Such sheets had been used for some years already as semi-reflectors. e.g by choosing the right thickness and material you could reflect, say, 10% of the power whilst passing the rest. But in this case I could mimic the same behaviour as the mixer. That in turn allowed me to find a sheet of mylar that reflected the same amount as the mixer. When I then moved that in from of the mixer I could find a location where the two reflections – from mixer and sheet – cancelled out because they were 180 degrees out of phase. The result was to get more of the power into the mixer. (Microwave and communications engineers will be familiar with similar situations where they need to minimise reflections and maximise signal power transfer.) From this I took the lesson that the final system destined to be used on UKIRT needed to include some way to ‘tune’ the precise mixer (and local oscillator) positions as well as providing places for mounting added sheets of reflector if they should prove to be needed. So this experience caused me to improve the design in practical terms.

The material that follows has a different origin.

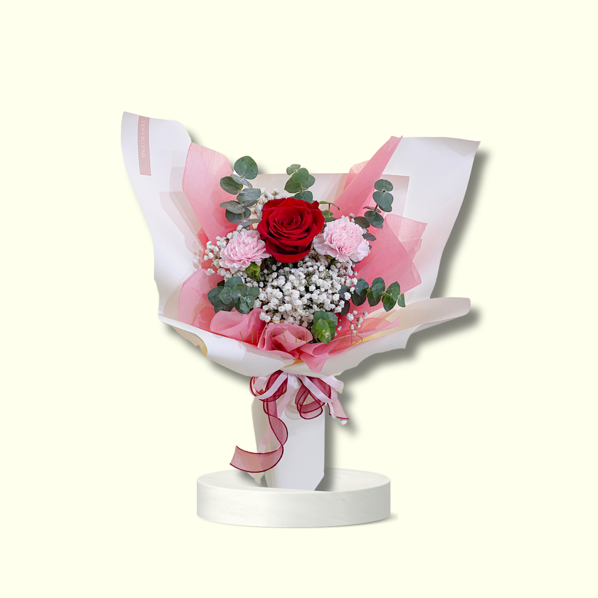 Single Red Ecuadorian Rose, 2 pcs. Pink Carnations, with Gypso and Eucalyptus Leaves. Fresh Blooms that can last up to 3-4 days with minimal proper care.

In the end, the mixer provided for UKIRT actually had a much lower inherent reflection level than the early example I’d been given to use for initial tests. But the ability to adjust was still available to minimise similar problems from elsewhere in the whole optical system once the telescope’s own optics were included. It also proved useful for the designs of later mm-wave telescopes, but that’s another story...

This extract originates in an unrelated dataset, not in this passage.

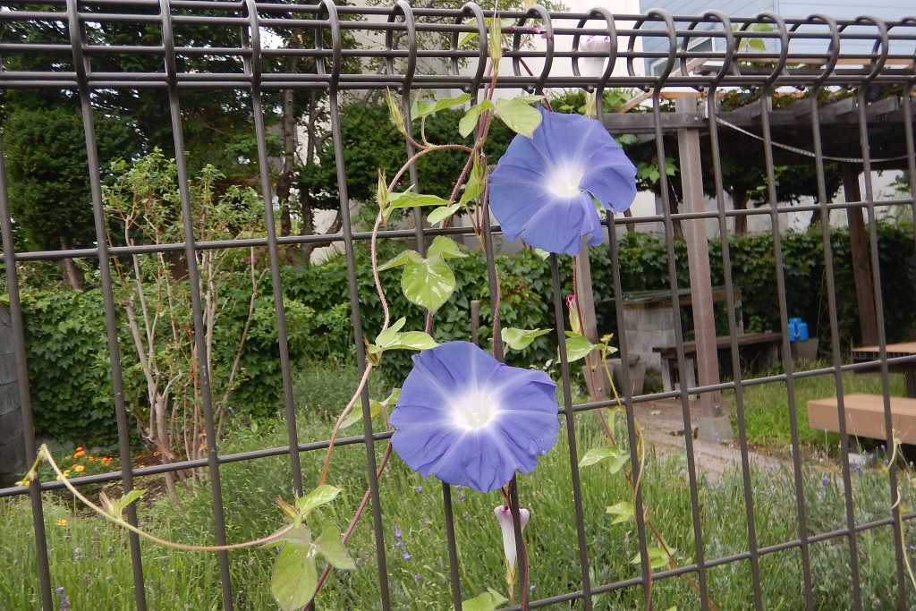 garden種を蒔くのが遅かったのか、発芽後しばらくラベンダーの影に隠れて日当たりが良くなかったためか、アサガオがやっと咲き始めました

Although the central part of my work was on the optics for the UKIRT receivers, by mid 1979 I had also become involved in a more general argument that was taking place. UKIRT was primarily designed and built for use making infra-red astronomical observations. i.e. at wavelengths of, say, tens of microns. However the the mm-wave systems, as the name indicates, were for detecting signal wavelengths of a millimetre or more (e.g. about 1·2 mm for 230GHz). UKIRT would work, but wasn’t ideal for mm-wave observations.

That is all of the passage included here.